A lo largo de la historia del trotskismo han sido múltiples las tentativas de revertir esa asfixiante situación, buscando distintas vías para insertarse en la clase obrera. El aislamiento empuja indefectiblemente a las pequeñas organizaciones a convertirse en sectas doctrinarias. Algunas de esas vías fueron muy artificiosas, tratando, por ejemplo, de acumular fuerzas entre la juventud estudiantil para «electrizar» al movimiento sindical mediante «acciones ejemplares». Otras resultaron trágicas, como el giro de las secciones latinoamericanas de la IV Internacional hacia la lucha guerrillera, a mediados de los 70. Pero, aún en el error -los cuadros más veteranos nos alertaban acerca de que «no existen atajos en la construcción de un partido revolucionario» y que sólo la lucha de clases libera las energías necesarias para ello-, se buscaba denodadamente una vía de implantación. Hoy, los grupos trotskistas parecen haber perdido ese norte. La generaciones más recientes han sufrido el influjo poderoso de la posmodernidad. Si tiempo atrás la clase obrera, en su prosaica realidad, parecía «espontáneamente reformista» a los impacientes, hoy se antoja desaparecida y se buscan nuevos sujetos del cambio histórico. En ese sentido, el «procés» -dirigido a desactivar la lucha social tras el susto del 15-M y las huelgas generales- ha sido percibido como una ventana de oportunidad para acabar con el «régimen del 78″. Sin percatarse de que ese «régimen» era una imperfecta democracia liberal por la que la clase trabajadora pagó un alto precio… y lo que se levanta frente a ella es una pulsión populista de rasgos autoritarios, no un ascenso revolucionario.

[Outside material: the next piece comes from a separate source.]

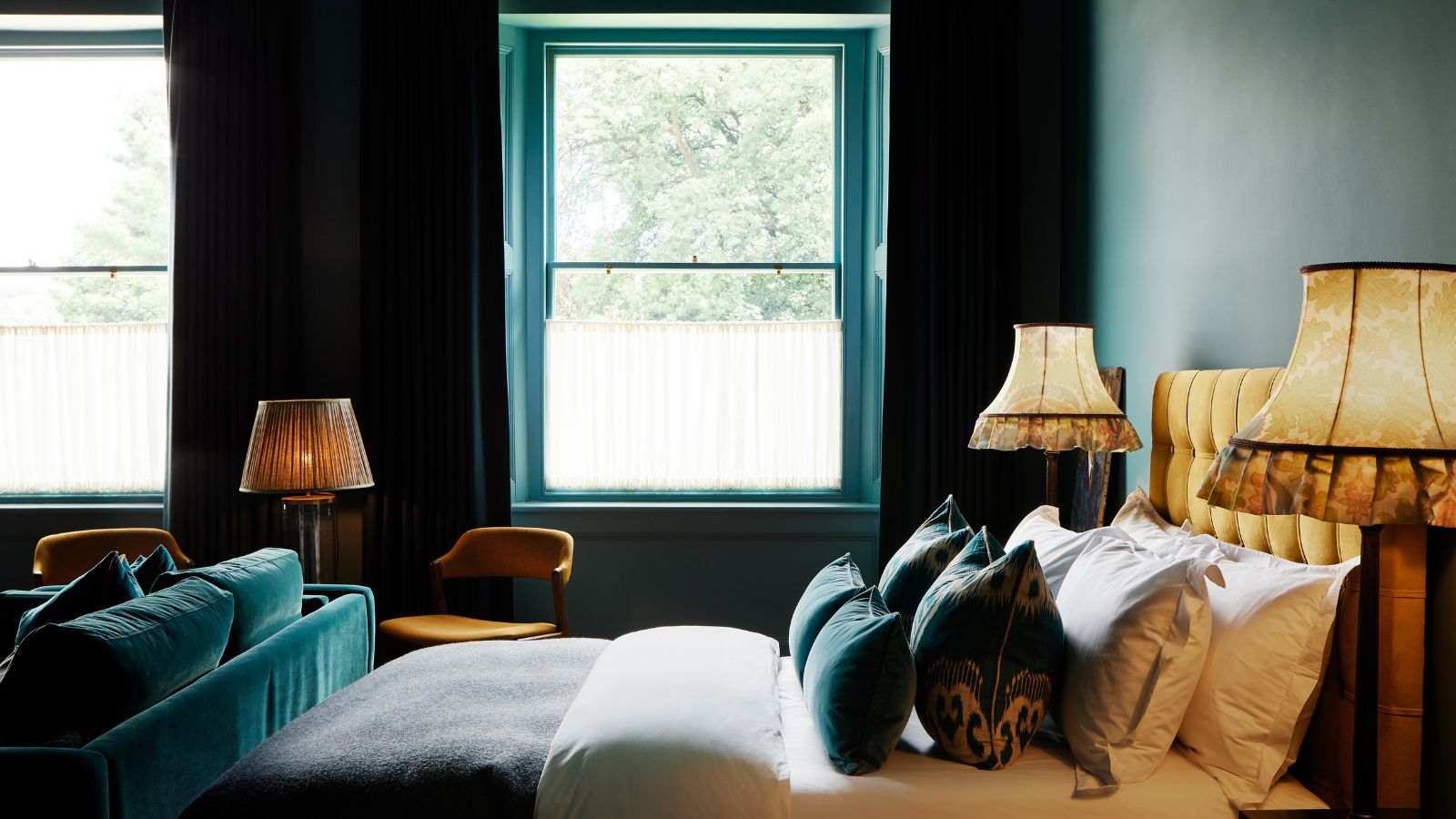 Teals are set to be big in 2026, bringing jewel-toned opulence to rooms in a modern way. In this bedroom, Mylands’ Burlington Arcade No. 216 was used on the walls.

Los viejos trotskistas, olvidados por la historia oficial, aquella generación militante que sufrió las iras de la burguesía liberal, del fascismo y del estalinismo, se esforzó por inculcar dos cosas por encima de todo a la nueva generación militante: la fidelidad a nuestra clase en toda circunstancia… y la necesidad de pensar con nuestra propia cabeza. Aún recuerdo a Mandel, poco antes de su muerte, en el curso de un debate, respondiendo con su proverbial optimismo histórico a quienes señalaban con espanto la impetuosa irrupción del capitalismo en China de la mano de la burocracia gobernante: «El camino es mucho más largo y tortuoso de lo que habíamos pensado. Pero hoy se incorporan millones de hombres y mujeres a las filas de la clase trabajadora. Tarde o temprano, se oirá su voz. Es el capitalismo quien vive en una crisis permanente. El socialismo sigue siendo la gran esperanza de la humanidad». «Y de la vida en el planeta», añadiríamos en estos momentos. Las izquierdas, aquí al igual que en todo el mundo, tienen por delante muchos y difíciles avatares. En el pensamiento y en la acción, habrá que combinar experiencia y audacia innovadora. Sigo pensando que, a pesar de todo, la nuestra fue una buena escuela.